CB15 Wants Your Input: Is Faster Bus Service Worth Losing Parking, Lanes?
A proposal to bring an experimental bus program to the neighborhood has some asking whether its worth the hassle, and Community Board 15 is holding a public hearing this evening to discuss the issue.
Since 2004, the MTA’s Bus Rapid Transit project has been evaluating neighborhoods across the city to determine test routes for Select Bus Service. The experimental service is aimed at speeding up the city’s notoriously slow bus routes and easing congestion. The system will feature dedicated bus lanes, larger capacity vehicles and off-board fare payment. In Sheepshead Bay, the entire B44 Limited route will be replaced by SBS service, running the entire length of Nostrand Avenue to Rogers Avenue and then Bedford Avenue.
But benefits may not be as significant as the project’s advocates suggest. Community Board 15 Chairperson Theresa Scavo said that the SBS’s first and only test site, along Fordham Road/Pelham Parkway in the Bronx, has only shaved off six minutes from commuters’ trips. But the larger buses (and the bus “bulbs” associated with SBS service) eat up valuable parking spaces that businesses clamor for. Furthermore, the dedicated bus lanes reduce access for cars, adds to congestion, and makes turning difficult.
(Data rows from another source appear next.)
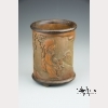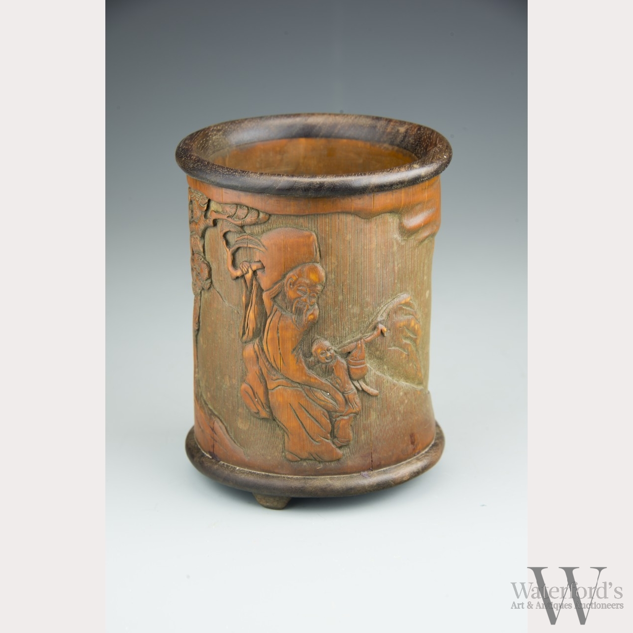 A Chinese Carved Bamboo and Wood Bitong Brush Pot
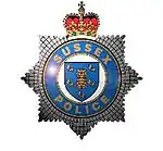 The seal of the clerk of the peace of the county bore the Heraldic shield, as did the badges of the East Sussex Constabulary and the Sussex Yeomanry.[3][4]
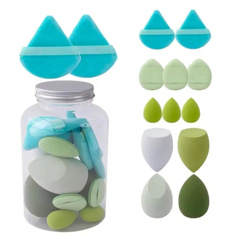 Farklı şekillerde ve açık canlı renklerde çok renkli makyaj süngerleri, şeffaf kavanoz içinde saklanır.
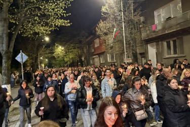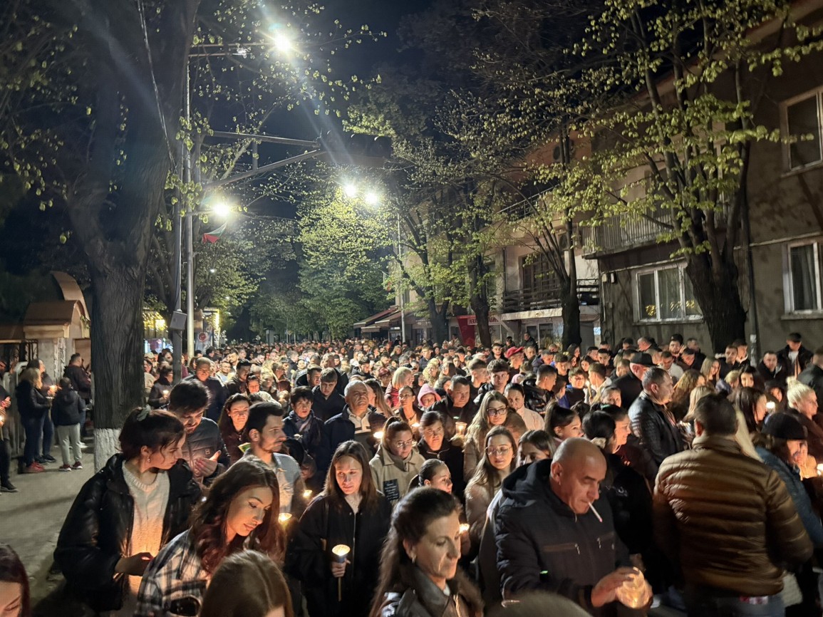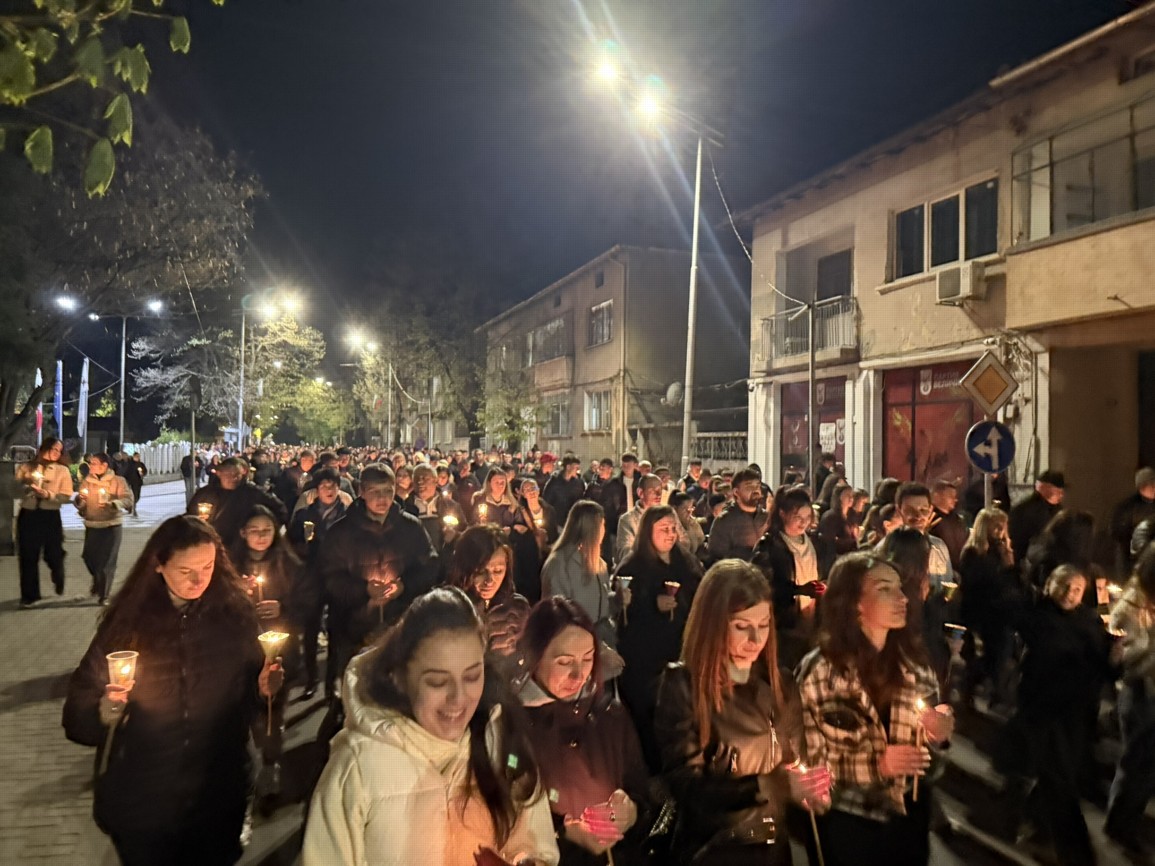 Пред вратите на храма, в очакване на благата вест, миряните потропаха три пъти – древен символ на Възкресението. И когато думите отекнаха в нощта – „Христос Воскресе!“ – „Воистина Воскресе!“ – те бяха не просто поздрав, а израз на жива вяра, която ни събира и ни прави по-добри.
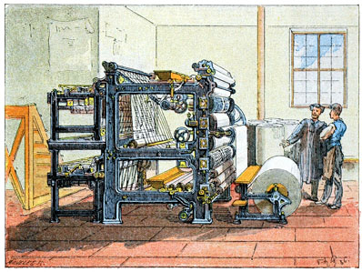 Lorsque toutes les corrections sont terminées, les formes sont portées aux presses, où s'effectue le tirage. Allons voir ce qu'elles y deviennent.»

The MTA’s proposal falls on a community particularly upset over recent bus service cuts, including to the B4 in Sheepshead Bay and the B31 in Gerritsen Beach. The authority diminished service along those routes, citing financial belt-tightening. And, speaking as a resident and not as CB15 Chair, Scavo said she’d rather see the money spent on restoring those lines.
“For all this money they’re putting out during a time when they’re cutting service, how much time are they really saving?” said Scavo. “I dont think six minutes is worth all of this disruption.”
Check out the MTA’s Select Bus Service presentation below to learn more about the proposal. Then attend CB15’s meeting tonight to chime in on whether or not potentially shorter bus commutes are worth losing parking and car lanes. The board will be voting on whether to support or oppose the plan following a public hearing.
(CB 15 meets at 7 p.m. in Kingsborough Community College’s faculty dining room.)